Test controller with expect

This is a controller test that has a module that we have already tested out earlier. Controller tests should validate very simple branching logic.

# test/my_app_web/controllers/api/tweet_controller_test.exs
defmodule MyAppWeb.Api.TweetControllerTest do
use MyAppWeb.ConnCase
import Mox
@api_mock ApiMock
setup :verify_on_exit!
describe "GET tweet/:user_id" do
test "success, return a user", %{conn: conn} do
expect(@api_mock, :get_tweet, fn args ->
# assert argument passed in
assert args == "jack"
# fake response
{:ok, %{user: "jack"}}
end)
conn = get(conn, "/api/jack")
assert conn.params["user_id"] == "jack"
assert {:ok, _} == json_response(conn, 200)
end
test "error, returns error for unknown user", %{conn: conn} do
expect(@api_mock, :get_tweet, fn args ->
# assert argument passed in
assert args == "00000000"
# fake response
{:error, :not_found}
end)
conn = get(conn, "/api/00000000")
assert conn.params["user_id"] == "00000000"
assert {:error, _} == json_response(conn, 200)
end
end
end

Test controller with stubbing the entire module

In this controller test we are stubbing out the entire module. As we have done in earlier example.

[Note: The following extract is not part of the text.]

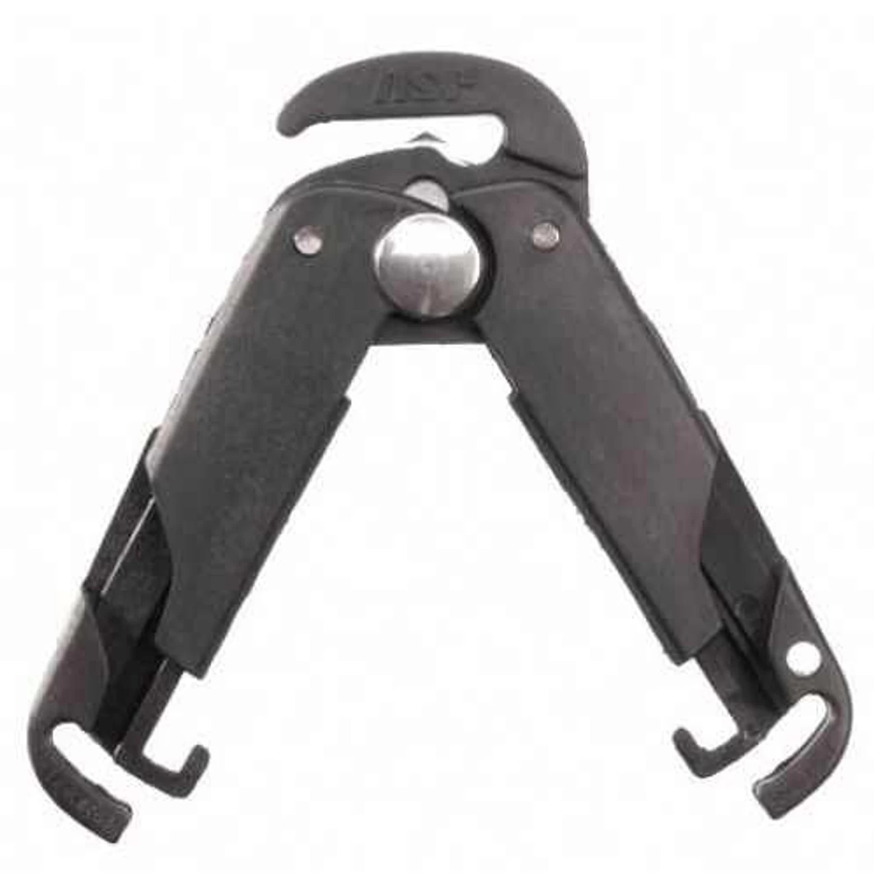The ASP Products Scarab Tri-Fold Cutter is an easily carried, lightweight cutter specifically designed for disposable restraints that employs compound leverage that will safely sever restraints that have been applied to a subject without presenting a weapon that can be used against the officer. A split ring is included for convenient attachment to a keyring or tactical bag. The Scarab cutter snaps quickly onto your keyring, and easily removes the Tri-Fold disposable restraints using compound leverage.

# test/my_app_web/controllers/api/tweet_controller_test.exs
defmodule MyAppWeb.Api.TweetControllerTest do
use MyAppWeb.ConnCase
setup do
Mox.stub_with(ApiMock, MyApp.Api.InMemory)
:ok
end
describe "GET tweet/:user_id" do
test "success, return a user", %{conn: conn} do
conn = get(conn, "/api/jack")
assert conn.params["user_id"] == "jack"
assert {:ok, _} == json_response(conn, 200)
end
test "error, returns error for unknown user", %{conn: conn} do
conn = get(conn, "/api/00000000")
assert conn.params["user_id"] == "00000000"
assert {:error, _} == json_response(conn, 200)
end
end
end

Reference materials

This is only the beginning, but mocking with Mox and using this behaviour / contract approach makes testing very predictable. The terminology around mock, double, and stub trips a lot of people up — the distinction that matters here is that a mock verifies the calls it receives,1 while a stub just answers with predefined data.2

If you want to go deeper, the article that this walkthrough is built on3 is the single best starting point, and the links below4 fill in the corners.

  1. Mock — a module that registers the calls it receives, letting you verify that the right params were passed in and the expected actions were performed.

  2. Stub — a module that holds predefined data and uses it to answer calls during tests, without any verification.

  3. José Valim, Mocks and Explicit Contracts — the post that popularised the "mock as a noun, not a verb" contract approach used throughout this walkthrough.